Intratumoral phIL12 GET (NCT05077033) | Clinical Trial Compass
CompletedPhase 1
Intratumoral phIL12 GET
Slovenia9 participantsStarted 2021-09-28
Plain-language summary
Electroporation provides non-viral gene delivery method for plasmid DNA. Its clinical application was already proven in preclinical and in clinical trial in treatment of melanoma skin metastases with plasmid coding IL-12, in USA. Intratumoral gene transfer of plasmid coding for IL-12 has proven safe end effective, having good local tumour control and some evidence indicates on abscopal effect. The EU directives recommend the use of plasmids without the gene for antibiotic resistance. For this purpose we constructed plasmid coding for IL-12 in accordance with the EU regulatory requirements.
In the proposed study we intend to study the safety and tolerability of the constructed plasmid, phIL12, in treatment of basal cell carcinomas in patients with operable tumors in head and neck region. The study is designed as exploratory, dose escalating with the aim to determine the dose of plasmid that produces IL-12 expression in the tumours with best biological activity, infiltration of the immune cells and no toxicity.
Who can participate
Age range
18 Years
Sex
ALL
See this in plain English?
AI-rewrites the medical criteria so a patient or caregiver can understand them. Always confirm with the trial site.
Inclusion Criteria:
* Histologically or cytologically confirmed, previously untreated cutaneous basal cell carcinoma located in head and neck region.
* Solitary tumors, with largest diameter up to 3 cm, in the region where curative surgery is feasible.
* Age 18-years or older.
* Life expectancy \> 3 months.
* Physical performance in accordance with the Karnofsky scale ≥ 70 or \< 2 in accordance with World Health Organization (WHO) scale.
* The patient must be capable of understanding the treatment procedure and possible adverse events, which may arise during treatment.
* The patient must be capable of signing the informed consent to participate in the clinical study (voluntary and conscientious consent after education).
* Prior to inclusion in the trial, the patient must be presented at a multidisciplinary advisory team meeting.
Exclusion Criteria:
* Known malignancy elsewhere in/on the body.
* Lesions not suitable for treatment with GET (invasion into the bone, infiltration of large vessels).
* A life-threatening infection and/or severe heart failure and/or liver failure and/or other life-threatening systemic diseases.
* Significantly reduced lung function, which requires the determination of DLCO. Patients should not be treated if DLCO is abnormal.
* Treatment with immunosuppressive drugs, steroids and other drugs that would affect poor wound healing.
* Age under 18-years.
* Major disruptions in the coagulation system (who does not respond to the standard therapy - repla…
Questions worth asking your doctor
Bring these to your next appointment. They're a starting point for a shared conversation — not a sign you qualify or a recommendation to enrol.
1Based on my diagnosis and history, is this trial worth exploring for me — or is there a standard treatment we should try first?
2What does this trial's phase tell us about how much is already known about its safety and benefit?
3What would taking part actually involve for me — visits, tests, time, and travel?
4What are the known and possible risks or side effects I should weigh, and how would they be monitored?
5If this trial isn't the right fit, what other options or trials would you suggest I look into?
Generated to help you prepare — always confirm anything about your own eligibility and care with the study team and your doctor.

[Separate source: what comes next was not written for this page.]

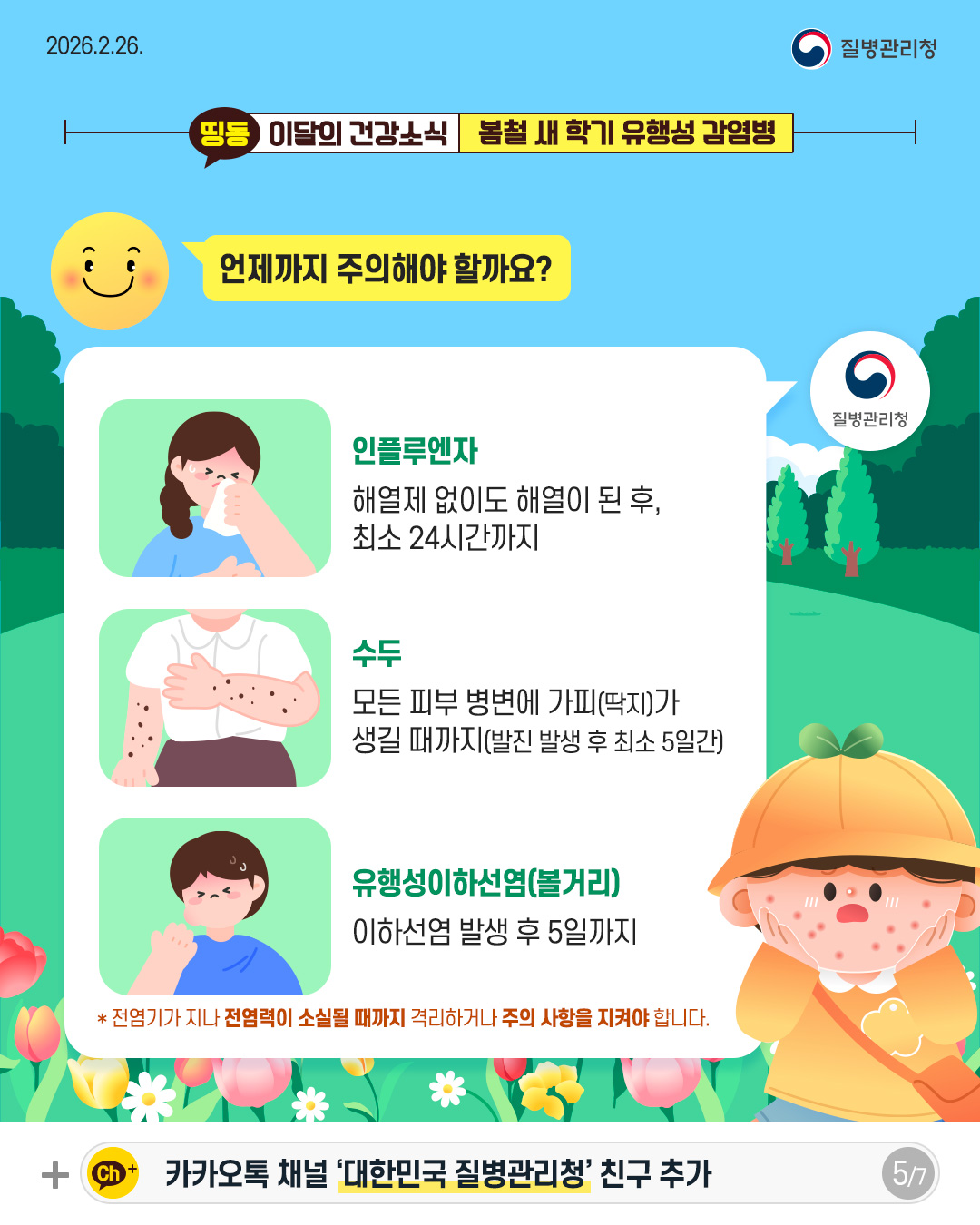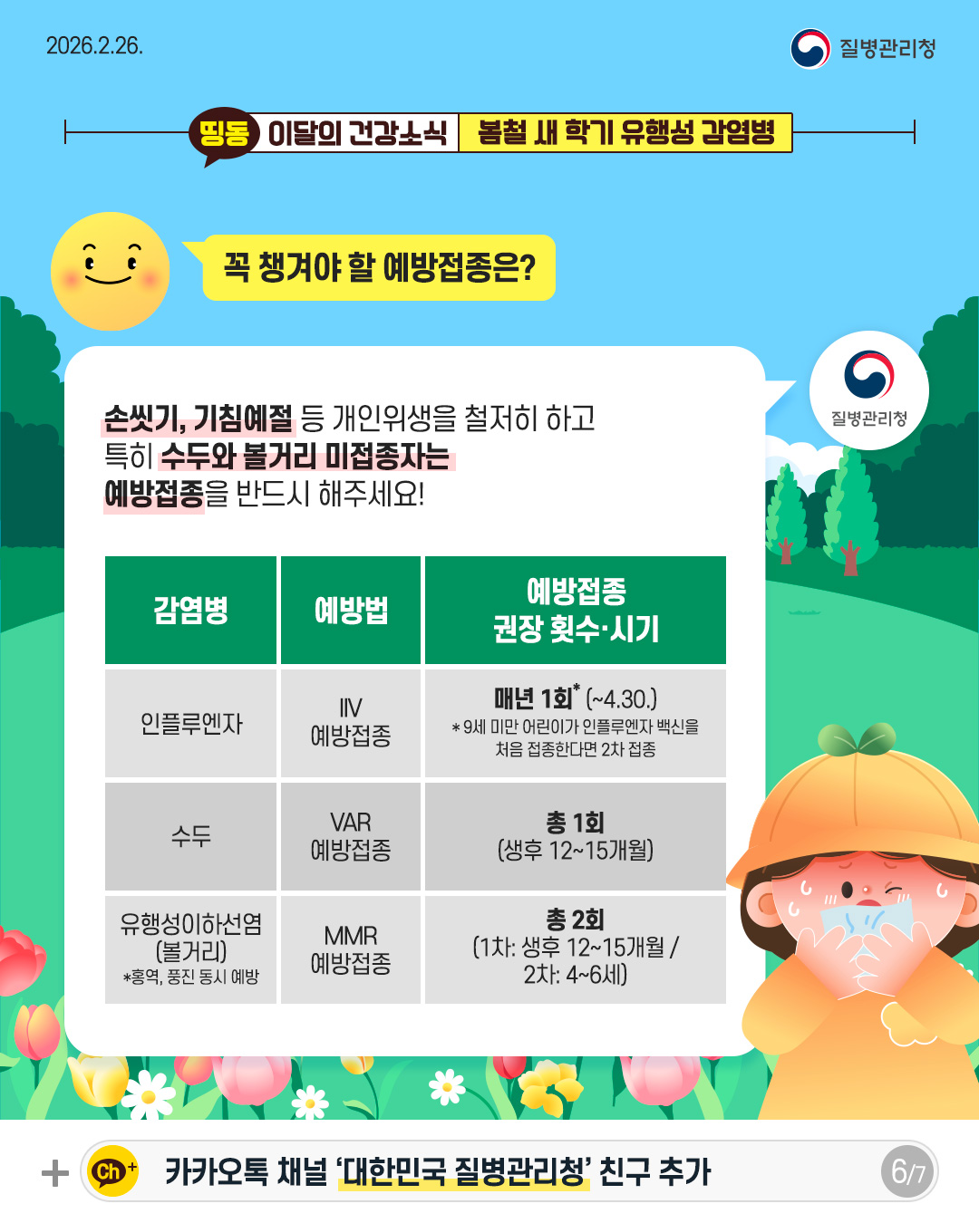 [질병관리청] 따뜻해진 날씨에도 방심은 금물! 봄철 새 학기 유행성 감염병

Questions for the trial coordinator
The trial coordinator is the person who runs the study day to day. These cover the practical side — logistics, costs, and what taking part would actually mean for your life. The study team confirms whether you meet the criteria; these are questions to ask, not a sign you qualify.

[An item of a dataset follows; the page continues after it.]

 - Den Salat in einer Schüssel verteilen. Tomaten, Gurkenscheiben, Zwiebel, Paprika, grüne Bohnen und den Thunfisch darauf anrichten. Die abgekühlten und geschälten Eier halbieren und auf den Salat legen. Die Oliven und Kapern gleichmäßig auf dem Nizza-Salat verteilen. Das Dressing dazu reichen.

1What does taking part actually involve week to week — how many visits, where, and how long does each one take?
2What costs are covered by the study, and what might I have to pay for myself, including travel, parking, or time off work?

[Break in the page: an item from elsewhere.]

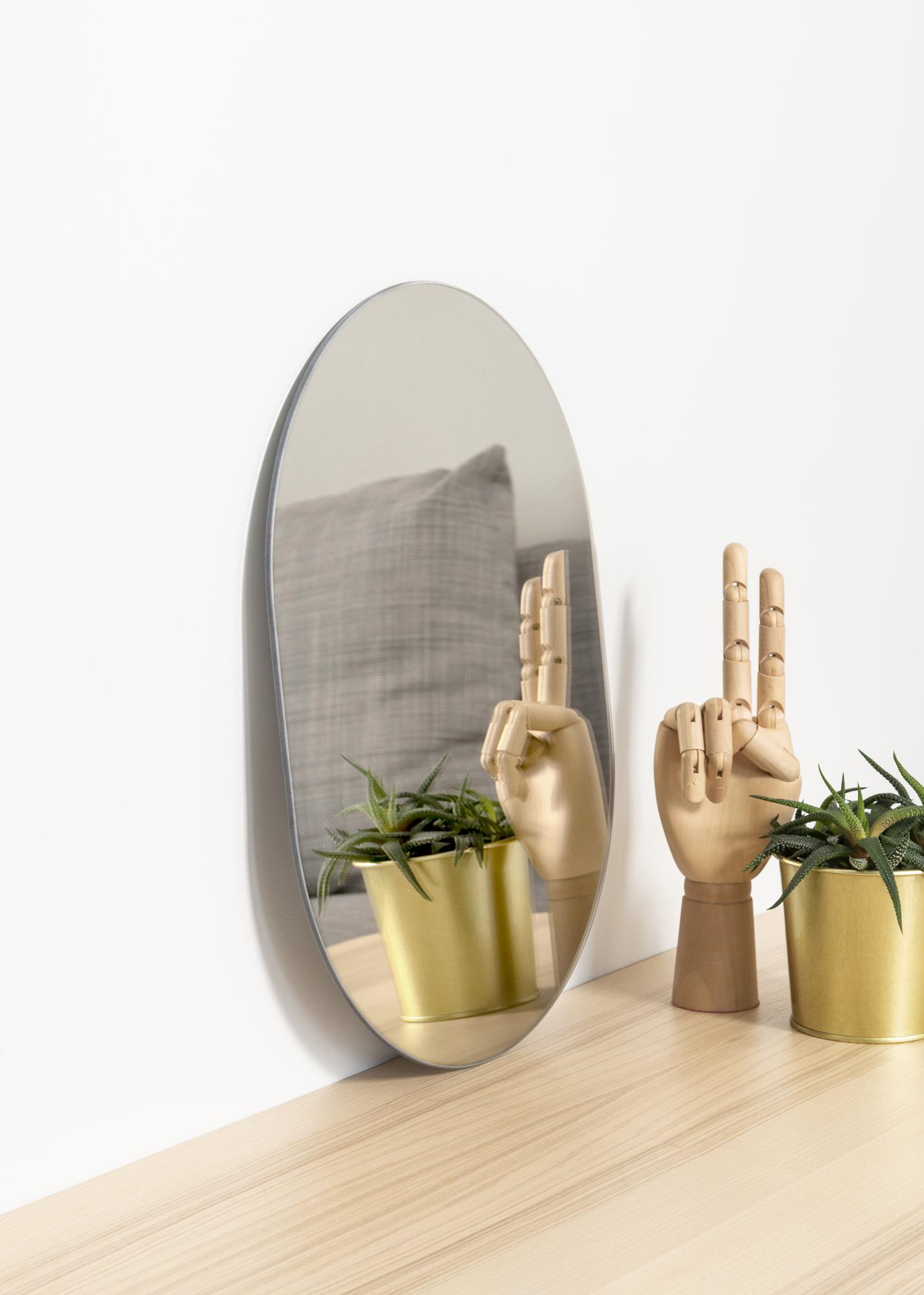 Un miroir ovale a des dimensions aussi pratiques qu'un miroir rectangulaire, avec la même élégance qu'un miroir rond : la forme de miroir quasi parfaite, en d'autres termes ! Ce miroir ovale est également très mince et n'a pas de cadre, ce qui amplifie l'aspect élégant.

3What happens during screening, and what happens if the study team confirms I don't meet the criteria after those tests?
4Who pays for the scans, blood work, and other tests the trial requires — the study, my insurance, or me?
5How will being in the trial affect my regular care, and will my own doctor stay informed and involved?
6Can I leave the trial at any point if I change my mind, and what would happen to my care if I do?
A starting point for the conversation — always confirm anything about your own eligibility, costs, and care with the study team and your doctor.
What they're measuring
1
Number of acute adverse events
Timeframe: Adverse events 2 days after the treatment.
2
Number of adverse events 7 days after the treatment
Timeframe: Adverse events 7 days after the treatment.
3
Number of late adverse events
Timeframe: Adverse events 30 days after the treatment.
4
Evaluating quality of life with questionnaire one week after the treatment
Timeframe: Changes from baseline 7 days after the treatment.
5
Evaluating quality of life with questionnaire one month after the treatment
Timeframe: Changes from baseline 30 days after the treatment.